Codes I have tried so far:
some initial simple codes
I suspect that finally I will get the data from a closed workbook, but just as a start point and for a frame of reference I done some simple ones for comparison
_ Simple capture of the data into the Array if the File was already open ( so this sets my best “hoped for” standard as it were )
https://www.excelforum.com/developme...ml#post4619759
_ Timing opening the data file in the existing Excel , filling the array, then closing.

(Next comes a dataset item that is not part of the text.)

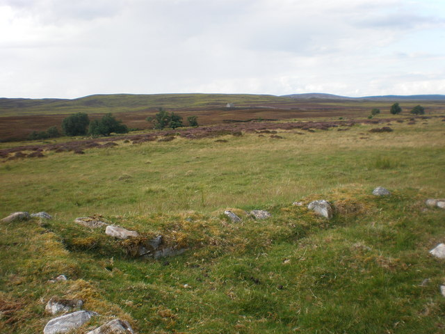 Knockdhu from remains of steading at Badnonan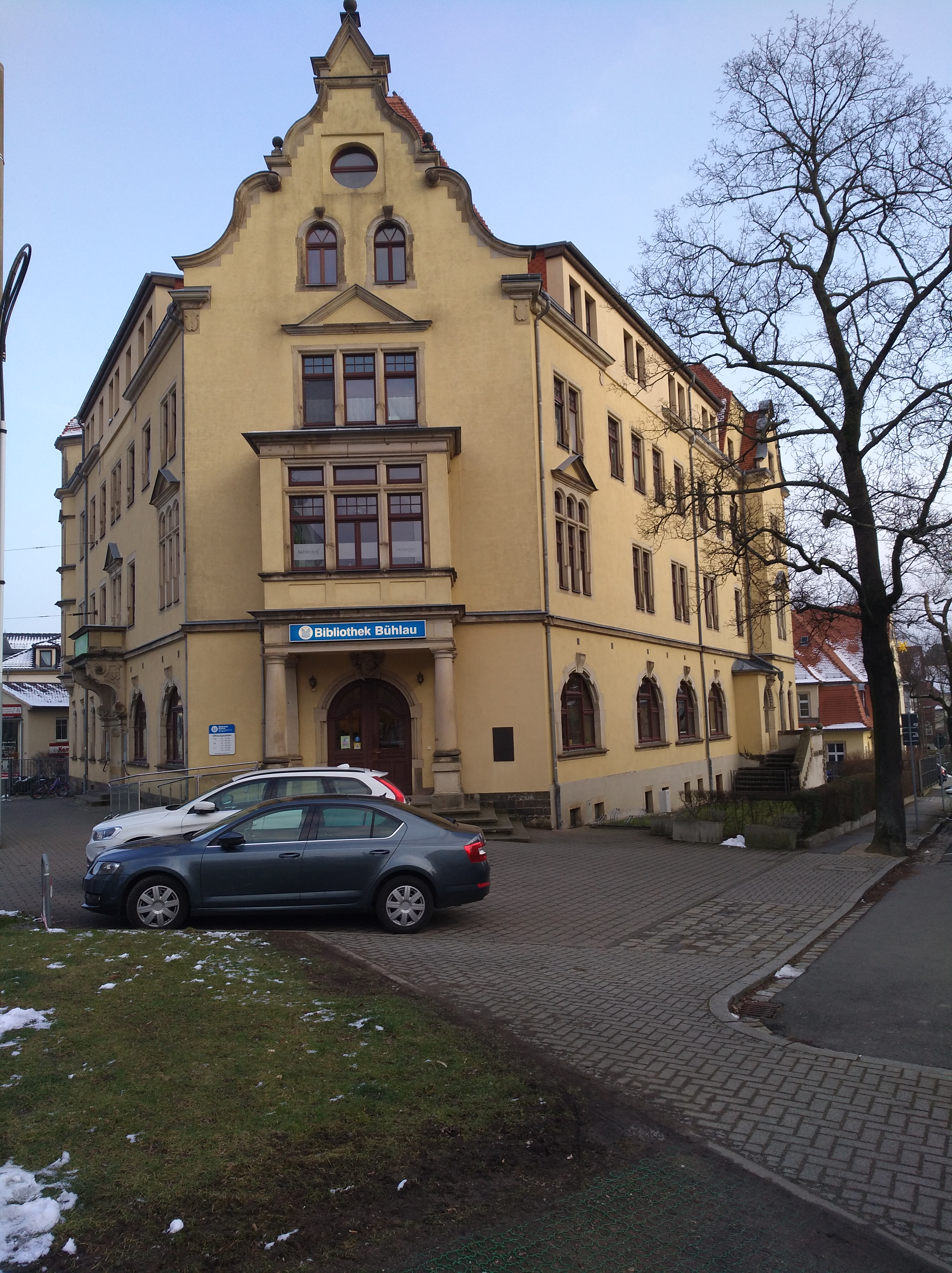 Former City Hall of Buhlau (near Dresden), situation of Feb. 2018

https://www.excelforum.com/developme...ml#post4619960
_ Again timing opening, capturing the data and closing, but using a second instance object of Excel
https://www.excelforum.com/developme...ml#post4619980
Ms Queer Stuff
_ I did a lot of codes which ended up being great learning but only final novelty value based on a maco driven Ms Query. A lot of detail in this Thread ( https://www.excelforum.com/excel-pro...-xl-files.html ). Some example codes starting from about here:
https://www.excelforum.com/developme...ml#post4620321
And going on to around here:
https://www.excelforum.com/developme...ml#post4626489
Ending up finally with this code to use in my speed test
https://www.excelforum.com/developme...ml#post4626501
_ then I went on to the three typical ADO type codes.
A tried quite a few variations, here a few:
_ Looping through records ( rows)
https://www.excelforum.com/developme...ml#post4626697
_ Using the VBA Range object CopyFromRecordset method
https://www.excelforum.com/developme...ml#post4626707
_ Using the ADO GetRows() Method
https://www.excelforum.com/developme...ml#post4626709
At his point a few things were clear.....
It’s the opening of the ADO connection that takes all the time. I do not quite understand that. ( The opening of the record set is quite quick, as is any simple processing after. )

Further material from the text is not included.